Source data Start Marker
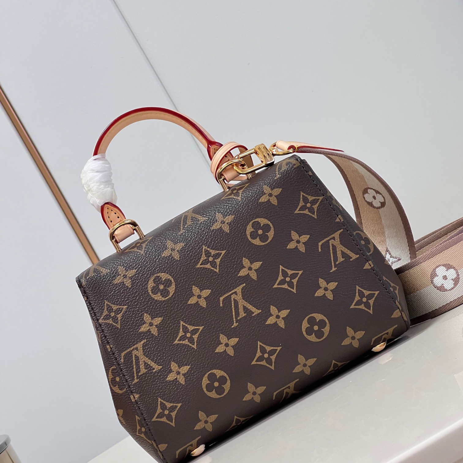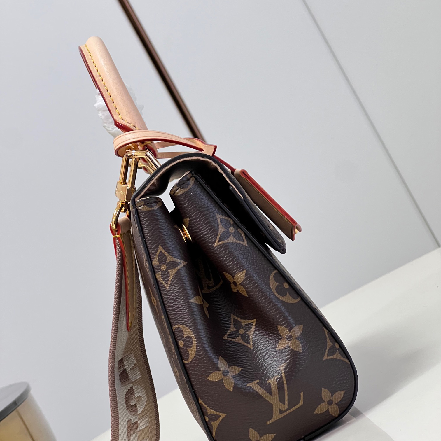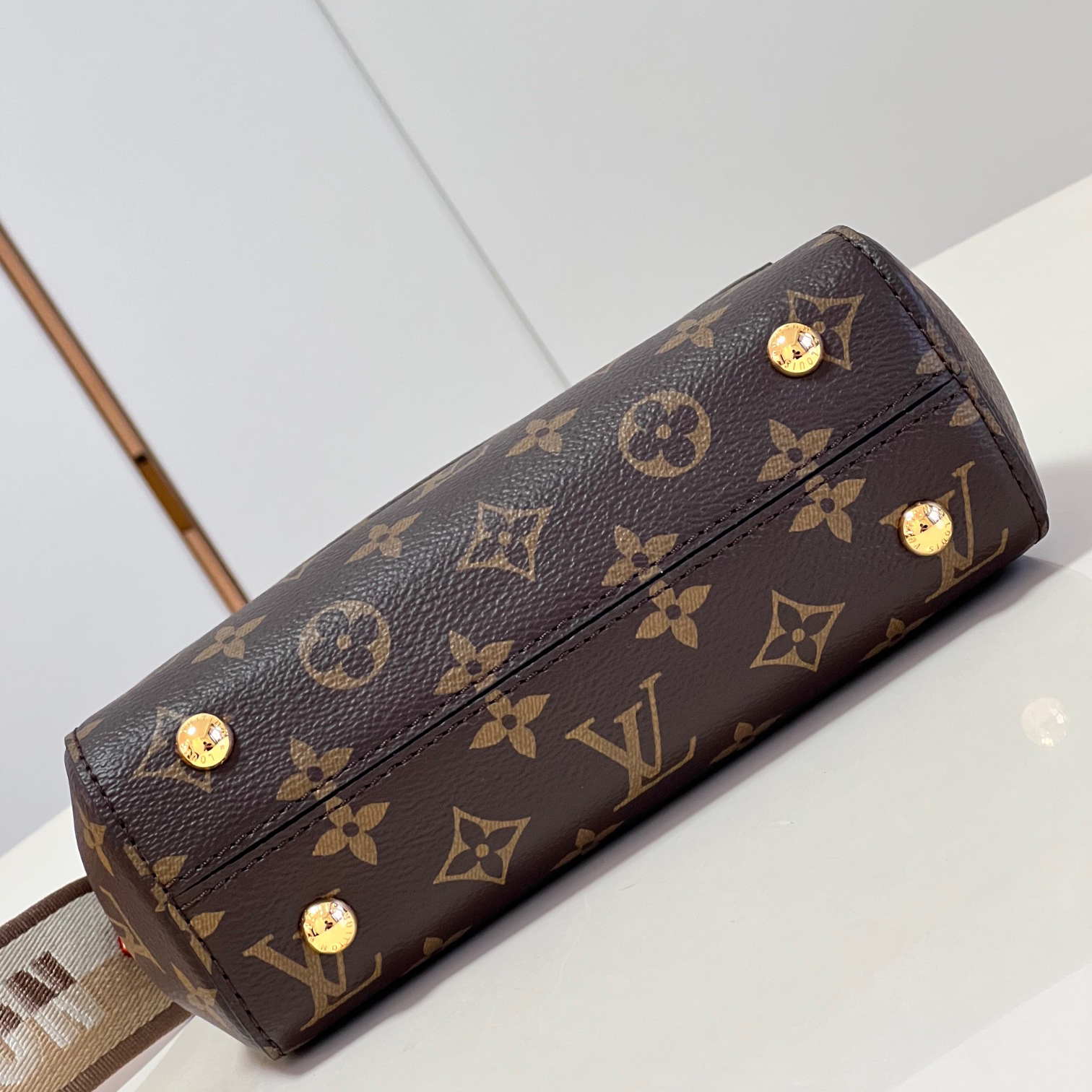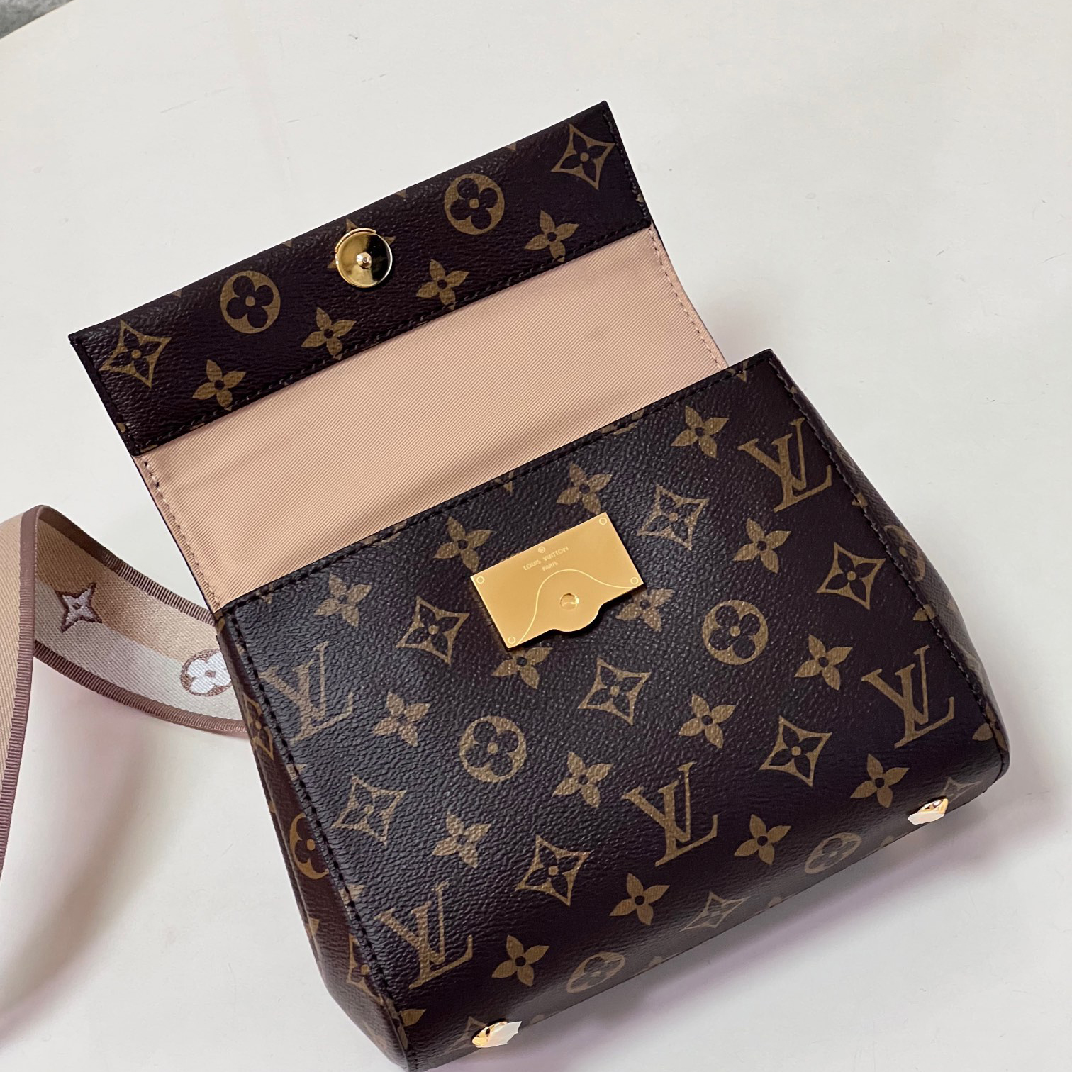 ● Fuchsia/Bordeaux Red ● Monogram coated canvas ● Natural cowhide-leather trim ● Textile lining ● Gold-color hardware ● Magnetic flap closure ● Key bell ● 2 inside flat pockets ● Inside zipped pocket ● 4 protective metal bottom studs ● Strap : Removable, not adjustable ● Strap Drop : 55.0 cm ● Handle : Single
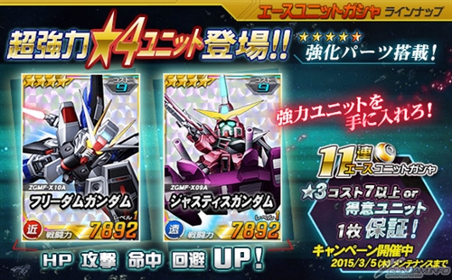 此外,王牌機體轉蛋追加了「★4 自由高達」等機體,白金駕駛員轉蛋追加了「★3 煌・大和」之外,「『機動戰士高達SEED系機體』★3以上確率上升活動」和「機體強化合成費用 減輕期間」也同時開始了。
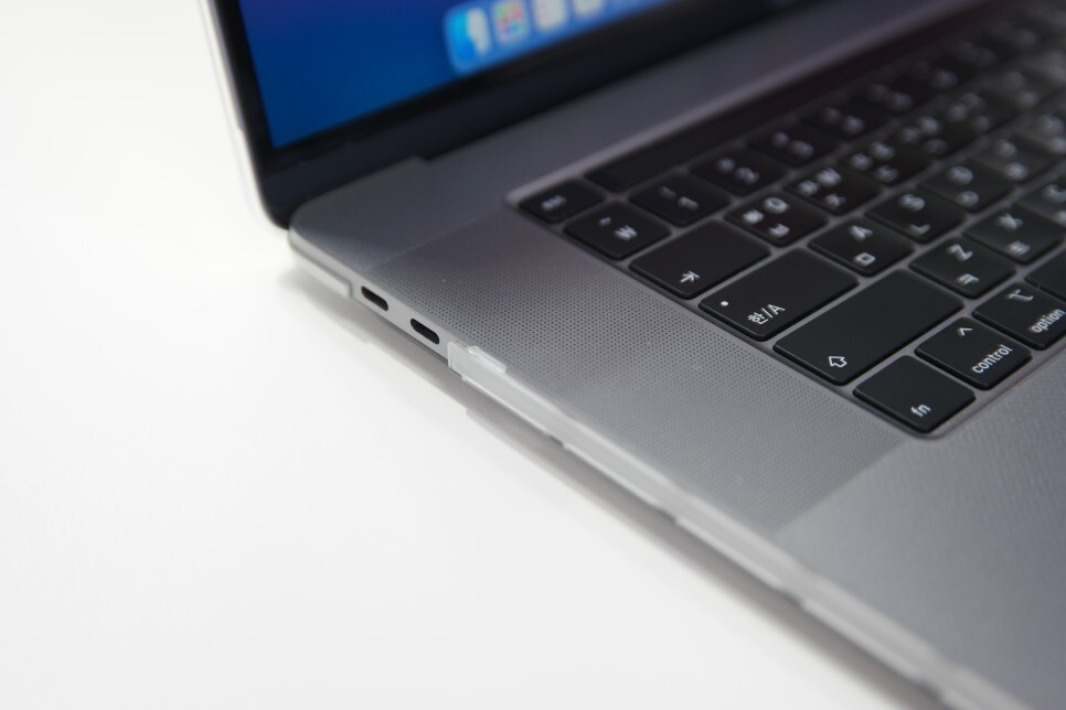 북프로 16인치는 가장 케이스를 많이 샀던 제품입니다. 첫번째 케이스는 임시로 구매한 제품으로 보호필름은 붙이기 전까지 쓰던 제품이었습니다. 1만 원 대의 제품은 걸리는 위치 등이 조금 잘못 되어 있는 디자인이어서 정말 임시용입니다.
Source data End Marker
### What you will do
Set down all the material exactly once more. No pictures.

### Written reply
 ● Fuchsia/Bordeaux Red ● Monogram coated canvas ● Natural cowhide-leather trim ● Textile lining ● Gold-color hardware ● Magnetic flap closure ● Key bell ● 2 inside flat pockets ● Inside zipped pocket ● 4 protective metal bottom studs ● Strap : Removable, not adjustable ● Strap Drop : 55.0 cm ● Handle : Single
 此外,王牌機體轉蛋追加了「★4 自由高達」等機體,白金駕駛員轉蛋追加了「★3 煌・大和」之外,「『機動戰士高達SEED系機體』★3以上確率上升活動」和「機體強化合成費用 減輕期間」也同時開始了。
 북프로 16인치는 가장 케이스를 많이 샀던 제품입니다. 첫번째 케이스는 임시로 구매한 제품으로 보호필름은 붙이기 전까지 쓰던 제품이었습니다. 1만 원 대의 제품은 걸리는 위치 등이 조금 잘못 되어 있는 디자인이어서 정말 임시용입니다.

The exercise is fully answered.